The effectiveness of the algorithm is demonstrated through the analysis of the five experimental data. These data contain multi-temporal quad-polarimetric Radarsat-2 SAR information of oil slicks and lookalikes (oil emulsion and plant oil). The plant oil in data set is used to simulate a natural monomolecular biogenic slick. The results of the discrimination process on real SAR images demonstrated that the proposed method is not only accurately identify dark spots on SAR images but also classify unstructured features.
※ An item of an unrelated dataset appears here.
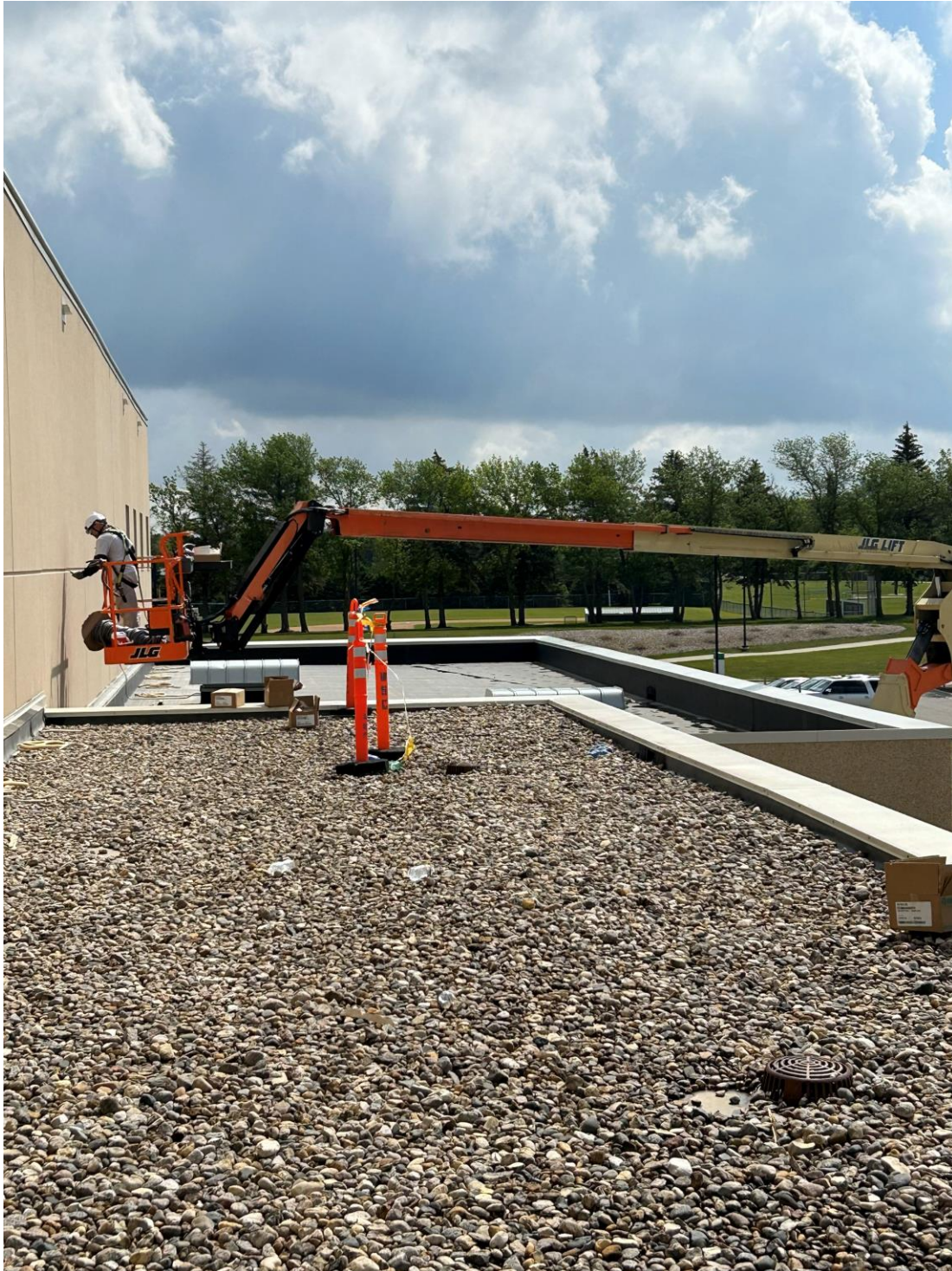
Precast Sealant Replacement in Progress (Orange) Loose residual sealant removed, Replaced with New Urethane Sealant

This study gives an important method to distinguish oil slicks from lookalikes, and it is effective for oil slicks classification task. The result also shows if the difference of sea condition (such as climatic, geographical, sea temperature and environmental conditions) between test and training data is too large, classification accuracy would be a big decline. In order to reduce the effects of these factors on future experiments, we will apply more oil slick data from different sea areas to build the CNN model, and enhance the robustness of training structure of the proposed method. If the prior probabilities of oil slicks and lookalikes are taken into account for classification decision, the classification accuracy would be improved undoubtedly. However, there are many types of lookalikes, and only plant oil and oil emulsion are discussed in this study. The five images used do not contain typical lookalikes caused by low wind or biogenic materials, which are also regarded as major challenges in oil slicks detection. It is very difficult to obtain the priori probabilities of all oil slicks and lookalikes accurately. Therefore, the method of equal probability sampling is adopted in this paper. With the abundance of data sets, prior probability should be used to estimate classification results.
In our study multi-feature fusion, which is also known as early fusion, is implemented and a single complex classifier (CNN) is used. Fusion at different stages of classification procedures is a booming research field that has shown capabilities for improvement of classification results. Late fusion of scores of several classifiers will also be adapted to the proposed problem as a future research work.